Forum for Science, Industry and Business

Sponsored by:     3M 
Search our Site:


Sifting Through a Trillion Electrons

Berkeley researchers design strategies for extracting interesting data from massive scientific datasets
Modern research tools like supercomputers, particle colliders, and telescopes are generating so much data, so quickly, many scientists fear that soon they will not be able to keep up with the deluge.

“These instruments are capable of answering some of our most fundamental scientific questions, but it is all for nothing if we can’t get a handle on the data and make sense of it,” says Surendra Byna of the Lawrence Berkeley National Laboratory’s (Berkeley Lab’s) Scientific Data Management Group.

That’s why Byna and several of his colleagues from the Berkeley Lab’s Computational Research Division teamed up with researchers from the University of California, San Diego (UCSD), Los Alamos National Laboratory, Tsinghua University, and Brown University to develop novel software strategies for storing, mining, and analyzing massive datasets—more specifically, for data generated by a state-of-the-art plasma physics code called VPIC.

When the team ran VPIC on the Department of Energy’s National Energy Research Scientific Computing Center’s (NERSC’s) Cray XE6 “Hopper” supercomputer, they generated a three-dimensional (3D) magnetic reconnection dataset of a trillion particles. VPIC simulated the process in thousands of time-steps, periodically writing a massive 32 terabyte (TB) file to disk at specified times.

Using their tools, the researchers wrote each 32 TB file to disk in about 20 minutes, at a sustained rate of 27 gigabytes per second (GB/s). By applying an enhanced version of the FastQuery tool, the team indexed this massive dataset in about 10 minutes, then queried the dataset in three seconds for interesting features to visualize.

“This is the first time anyone has ever queried and visualized 3D particle datasets of this size,” says Homa Karimabadi, who leads the space physics group at UCSD.

After querying a dataset of 114,875,956,837 particles for those with energy values less than 1.5, FastQuery identifies 57,740,614 particles, which are mapped on this plot. Image by Oliver Rubel, Berkeley Lab.

“Although our VPIC runs typically generate two types of data—grid and particle—we never did a whole lot with the particle data because it was really hard to extract information from a trillion particle dataset, and there was no way to sift out the useful information.”

- Homa Karimabadi, head of the space physics group at UCSD.

The Problem with Trillion Particle Datasets

Magnetic reconnection is a process where the magnetic topology in a plasma (a gas made up of charged particles) is rearranged, leading to an explosive release of energy in form of plasma jets, heated plasma, and energetic particles.
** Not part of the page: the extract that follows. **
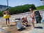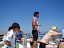 ![]() 函館湾内での遠泳体験教室に鯵ヶ沢トレーニングを兼ねて参加しました。 Bay Walk Community はこだての主催で初企画です。 8月になって、ようやく夏が来た!スカッと快晴、朝からジリジリして暑い。 もう十年以上も前になるかな、港祭りの企画で緑の島1周の遠泳があり、参加したことがある。 足に風船つけて集団でゆっくり泳ぐといったもので、距離も短いし、油臭くてあまり楽しくなかった記憶がある。 でも今回は船で西防波堤(通称赤堤)付近まで行って泳ぐので、なんか楽しそうで期待して参加しました。 参加人数は総勢15名、我がHTC(函トラ)から6名が参加した。 3班に分かれて船に乗り、現地まで約15分ほど。ちょっとしたクルージング気分を味わえた。 海から見る函館ドッ クの巨大クレーン、金森倉庫、シーポートプラザ等の景観はまた違った顔に見え、感動もの。防波堤に付いてその10m〜20m付近を堤防沿いに500m行って帰ってくる。折り返し地転にオレンジのブイが見える。 グループごとに伴泳者2名が付き。その人たちが先導する後を泳ぐ。 しかし、ついついレースモードになり先導者を追い越して泳いでしまった。 周りにヨットとシーカヤックがサポートととして付くので初心者でも安心して泳げる。 約1時間余りで全員完泳。とても楽しい遠泳だった。 |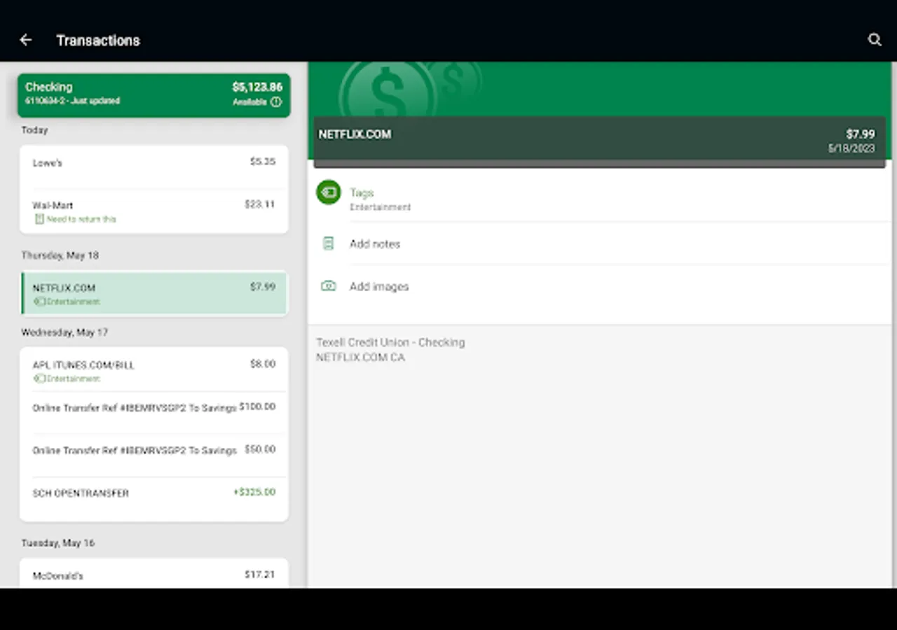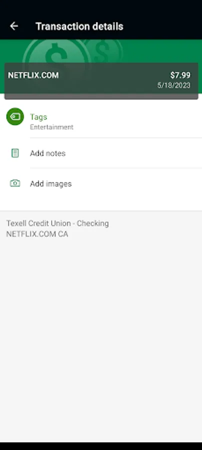 · Keep your transactions organized by allowing you to add tags, notes, and photos of receipts and checks.

Reconnection is the mechanism behind the aurora borealis (a.k.a. northern lights) and solar flares, as well as fractures in Earth’s protective magnetic field—fractures that allow energetic solar particles to seep into our planet’s magnetosphere and wreak havoc in electronics, power grids and space satellites.

According to Karimabadi, one of the major unsolved mysteries in magnetic reconnection is the conditions and details of how energetic particles are generated. But until recently, the closest that any researcher has come to studying this is by looking at 2D simulations. Although these datasets are much more manageable, containing at most only billions of particles, Karimabadi notes that lingering magnetic reconnection questions cannot be answered with 2D particle simulations alone. In fact, these datasets leave out a lot of critical information.

“To answer these questions we need to take into full account additional effects such as flux rope interactions and resulting turbulence that occur in 3D simulations,” says Karimabadi. “But as we add another dimension, the number of particles in our simulations grows from billions to trillions. And it is impossible to pull up a trillion-particle dataset on your computer screen; it would just fill up your screen with black dots.”

To address the challenges of analyzing 3D particle data, Karimabadi and a team of astrophysicists joined forces with the ExaHDF5 team, a Department of Energy funded collaboration to develop high performance I/O and analysis strategies for future exascale computers. Prabhat, of Berkeley Lab’s Visualization Group, leads the ExaHDF5 team.

A Scalable Storage Approach Sets Foundation for a Successful Search

According to Byna, VPIC accurately models the complexities of magnetic reconnection at this scale by breaking down the “big picture” into distinct pieces, each of which are assigned, using Message Passing Interface (MPI), to a group of processors to compute. These groups, or MPI domains, work independently to solve their piece of the problem. By subdividing the work, researchers can simultaneously employ hundreds of thousands of processors to simulate a massive and complex phenomenon like magnetic reconnection.

In the original implementation of VPIC, each MPI domain generates a binary file once it finishes processing its assigned piece of the problem. This ensures that the data is written efficiently.

But according to Byna, this approach, called file-per-process, has a number of limitations. One major limitation is that the number of files generated for large-scale scientific simulations, like magnetic reconnection, can become unwieldy. In fact, his team’s largest VPIC run on Hopper contained about 20,000 MPI domains—that’s 20,000 binary files per time-step. And because most analysis tools cannot easily read binary files, another post-processing step would have been required to re-factor the data into a format that these tools can open.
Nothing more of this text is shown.